Huffman Code ADA


#1

Suppose the letters a, b, c, d, e, f have probabilities 1/2, 1/4, 1/8, 1/16, 1/32, 1/32
respectively. What is the average length of Huffman codes?
(i) 3
(ii) 2.1875
(iii) 2.25
(iv) 1.19375


#2

Convert the given probabilities into Integers by multiplying with the LCM of the denominators, i.e. 32.

[a:16]    [b:8]    [c:4]    [d:2]    [e:1]     [f:1]

Now the huffman tree will look something like this,

                                                                   32 (root)
                                                                 /    \
                                                               16     [a:16]
                                                              /  \
                                                            8     [b:8]
                                                          /  \
                                                         4    [c:4]
                                                       /  \
                                                      2    [d:2]
                                                     / \
                                                 [e:1]  [f:1]

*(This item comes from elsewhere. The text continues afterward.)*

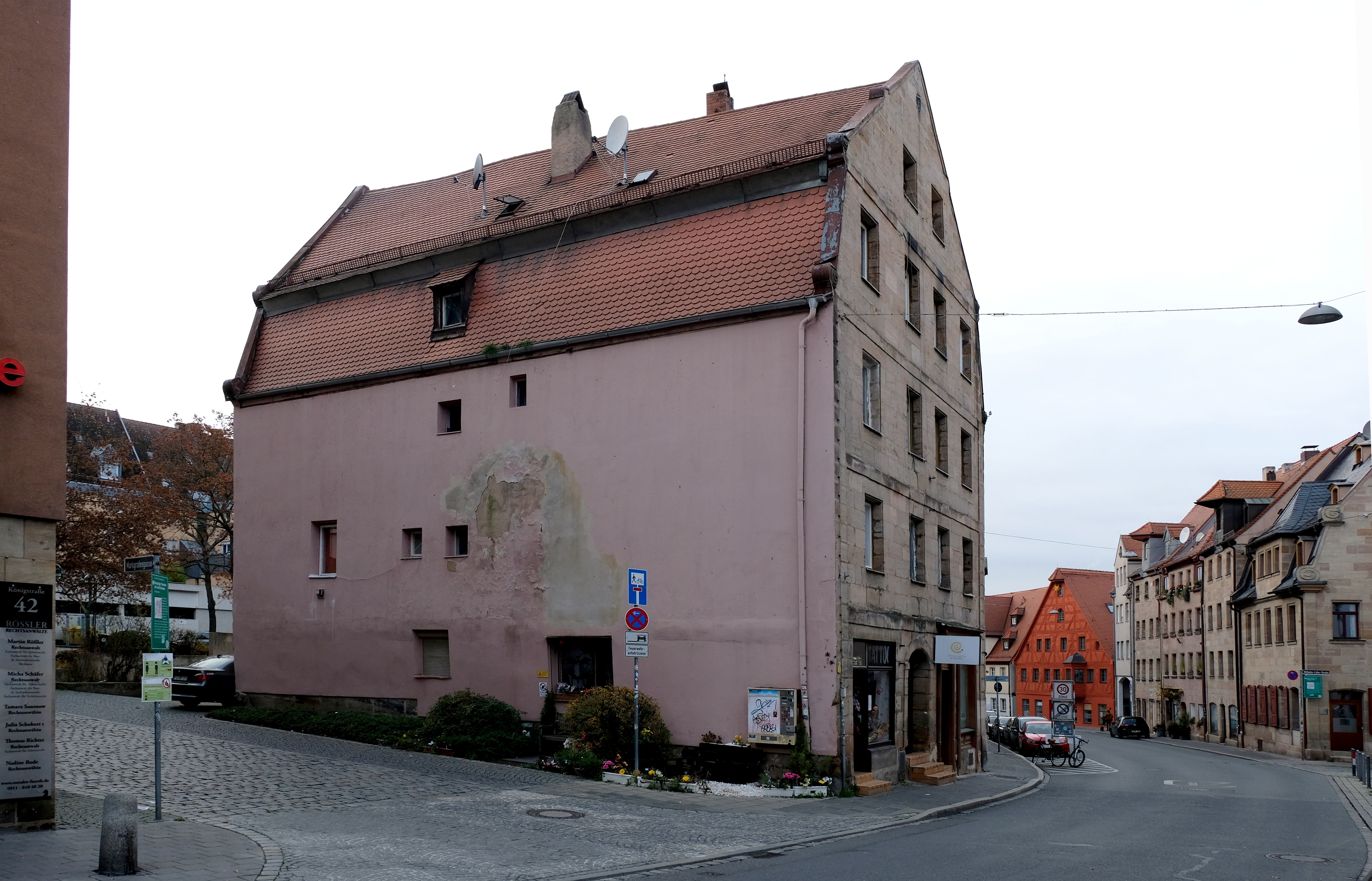 | Beschreibung | Eines der wenigen Häuser, welches die Sanierung des Gänsberg "überlebt" hat - Königstraße 40, hier mit Blick in die heutige Markgrafengasse. Nov. 2020 | ||

Now start from root and see how many edges you travel to reach the letters.This will give you the number of bits required to represent the letters.

a -> 1
b -> 2
c -> 3
d -> 4
e -> 5
f -> 5

Now the average length = ∑(probabilities of each letter) * (bits required to represent them)

= (1/2)(1) + (1/4)(2) + (1/8)(3) + (1/16)(4) + (1/32)(5) + (1/32)(5)

= 1.19375

So option (iv) is correct.

Points to Note:

  • Huffman coding is a variable length encoding methodology, i.e. for each symbol or letter we are using non-uniform number of bits based on their frequency of occurrence.

  • Time complexity of this algorithm = O(nlogn)

  • It is a greedy algorithm.

  • It is used to compress the size of a file.

  • It is always optimal compared to fixed length encoding.